Petition over deportation of brothers
29 August 2018, 15:22 | Updated: 29 August 2018, 15:30
Dozens of school friends joined two teenager brothers to hand in an 85,000-signature petition to the Home Office to prevent their deportation to Pakistan.
Somer Umeed Bakhsh, 15, and his brother Areeb, 13, have lived in Glasgow with their parents Maqsood and Parveen since their family fled Pakistan in 2012 when their father was subjected to death threats due to his Christian faith.
The UK Government has repeatedly rejected the family's plea for asylum, largely because officials do not believe they would be at risk in Pakistan where blasphemy carries the death penalty.
Almost 85,000 people have signed a petition calling on the Home Office not to deport the family, who are being supported by the Church of Scotland.
Somer, who wants to be an astrophysicist, recently got six As and a B in his National 5 exams at Springburn Academy in Glasgow.
Dozens of pupils from the school joined the boys at the Home Office depot in Glasgow on Wednesday to show their support for the petition.
Some carried homemade banners reading "We stand with Somer and Areeb" and "Hear our voices we are future of Scotland".
Somer said: "It's very nice to see so many people actually supporting us and it shows how much they care."
Areeb said: "I think this will change things because you can't ignore 85,000 people.
"All these people are Scottish and they clearly want us to stay here so you can't ignore them."
MP Paul Sweeney and Moderator of the General Assembly of the Church of Scotland Rev Susan Brown handed over the petition with Possilpark Parish Church members also in attendance to show their support to the family.
The boys' father said they would not be safe if forced to return to Pakistan.
Mr Bakhsh, 50, said: "For Christians in my country you face discrimination and uncertainty. We were threatened by different extremist groups and I didn't want my children to stay there where that threat is always hanging above so I applied for asylum.
"We lived in 14 cities in two years before coming here. The Home Office say there are safe places in Pakistan but I have lived it and I know we would not be safe. They are reading about it in books or whatever but I have the primary information and we cannot live there.
"Family and friends have been targeted wherever they have been."
Rev Brown said: "They have had the odds stacked against them for more than six years but despite all that they have played a full part in the life of the local church and community.
"People are here because they are such a lovely family and despite not having very much at all because they are in the asylum process, they have given so much to their community and that's reflected in the number of folks who have turned up today."
Mr Sweeney called on the Home Office to review the asylum process.
"It would seem really cruel to dispatch them to a country where not only would they face persecution for their religious beliefs but it's also an entirely foreign country to them now, the boys have been here for their formative years," the Labour MP said.
"Fundamentally there needs to be an element of compassion put back into the Home Office processes.

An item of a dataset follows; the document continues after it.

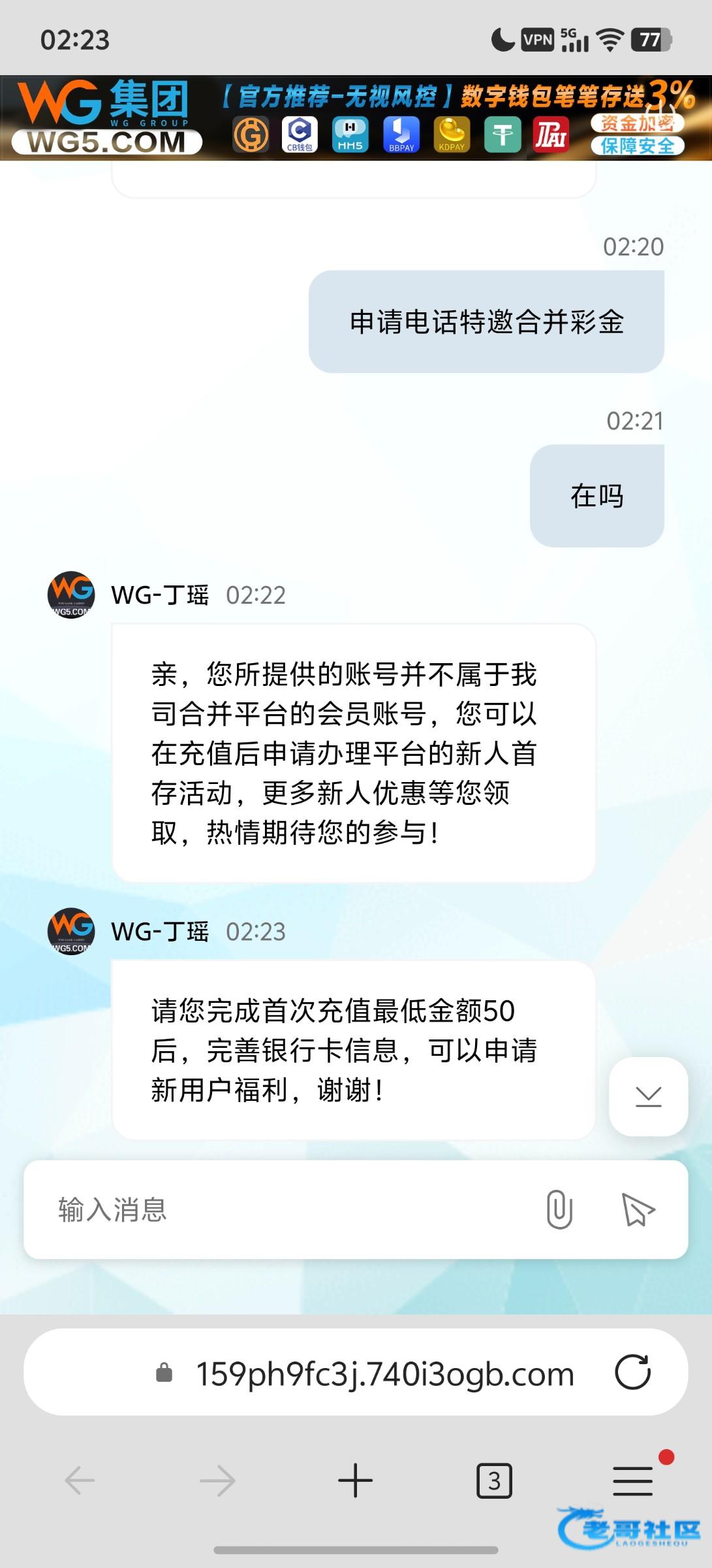不知道哪个台子合并的 我是接到电话的是个人机 找在线客服就说接到电话来领合并彩金他会给你个pop客服去加就好了我反正是挂了 前几天接到的忘记发了 wg5.com

"The asylum process is taking way too long and it's also putting the onus on individuals to prove that they have been persecuted when often the capacity to provide evidence is very difficult because they have just fled the country with the clothes of their back.

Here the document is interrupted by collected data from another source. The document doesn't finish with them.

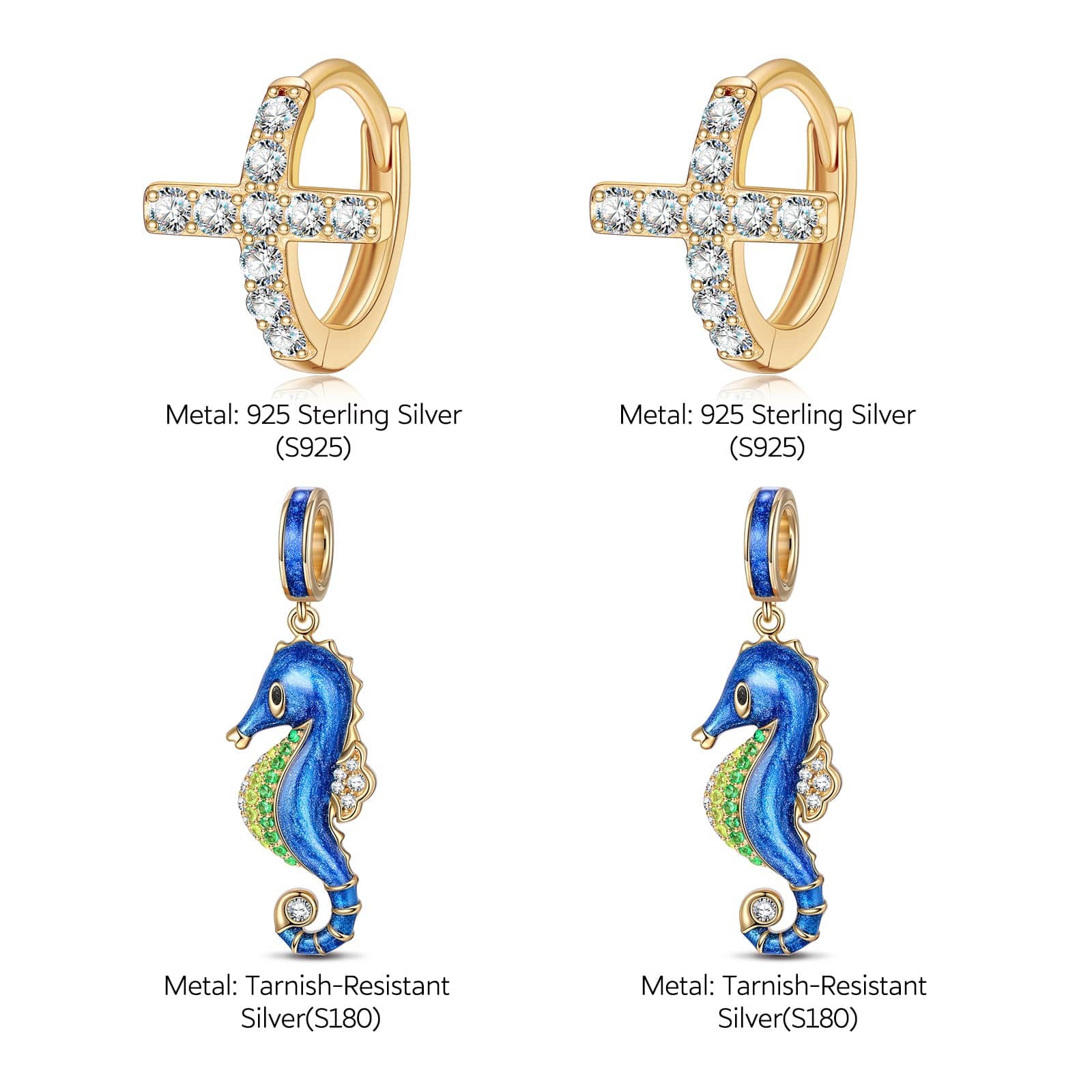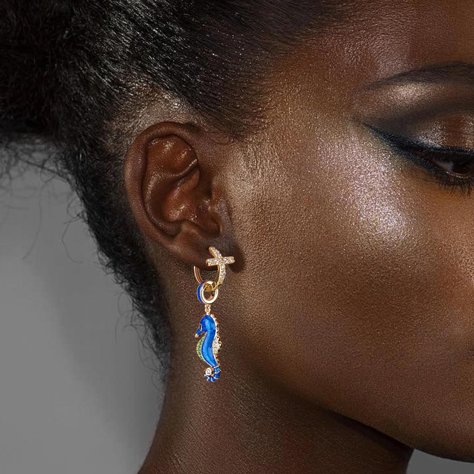 [?As @katstyle42's Pick] Sterling Silver Blue Seahorse Hoop Earrings With Enamel In 14K Gold Plated
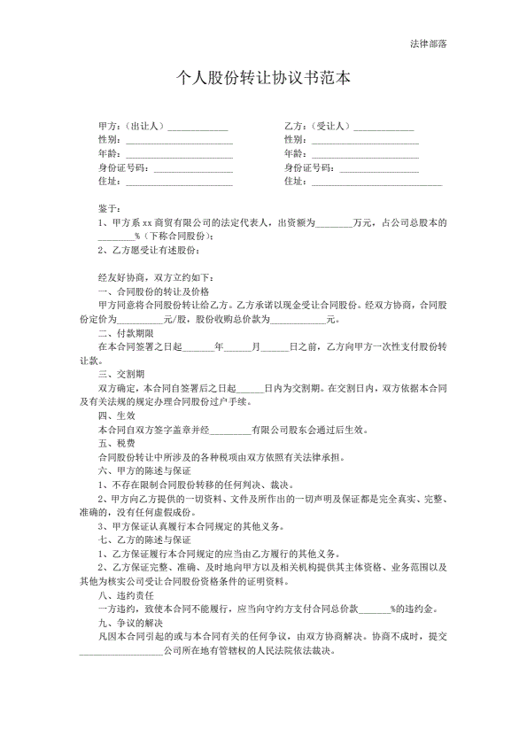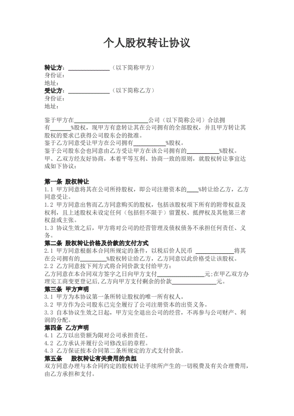 个人股份转让协议书
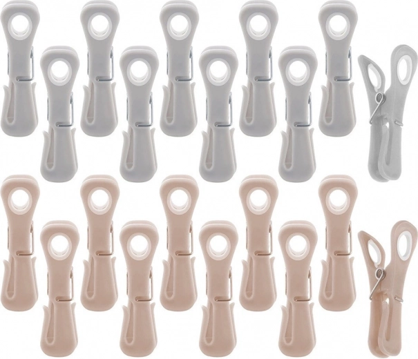 Sada univerzálních kolíčků na prádlo je navržena pro každodenní použití na sušáku, šňůře i věšáku. Díky kvalitnímu plastu a kovové pružině poskytují pevný stisk bez poškození tkanin, což oceníte při sušení triček, mikin i jemného prádla.

"I think the Home Office needs to take a more cooperative and compassionate view of the circumstances that people have fled to this country in and give people better support to make their cases."
Bob Doris, MSP for Maryhill and Springburn, who has also taken up the family's case with the Home Office, said: "The backing given to Somer, Areeb and their parents has been both emphatic and heart-warming.
"The family would face both great distress and be in danger if returned to Pakistan and it would also be a loss to Scotland.
"With this petition in defence of Somer and Areeb the UK has the opportunity to do the right thing and start to gain some credibility on asylum policy."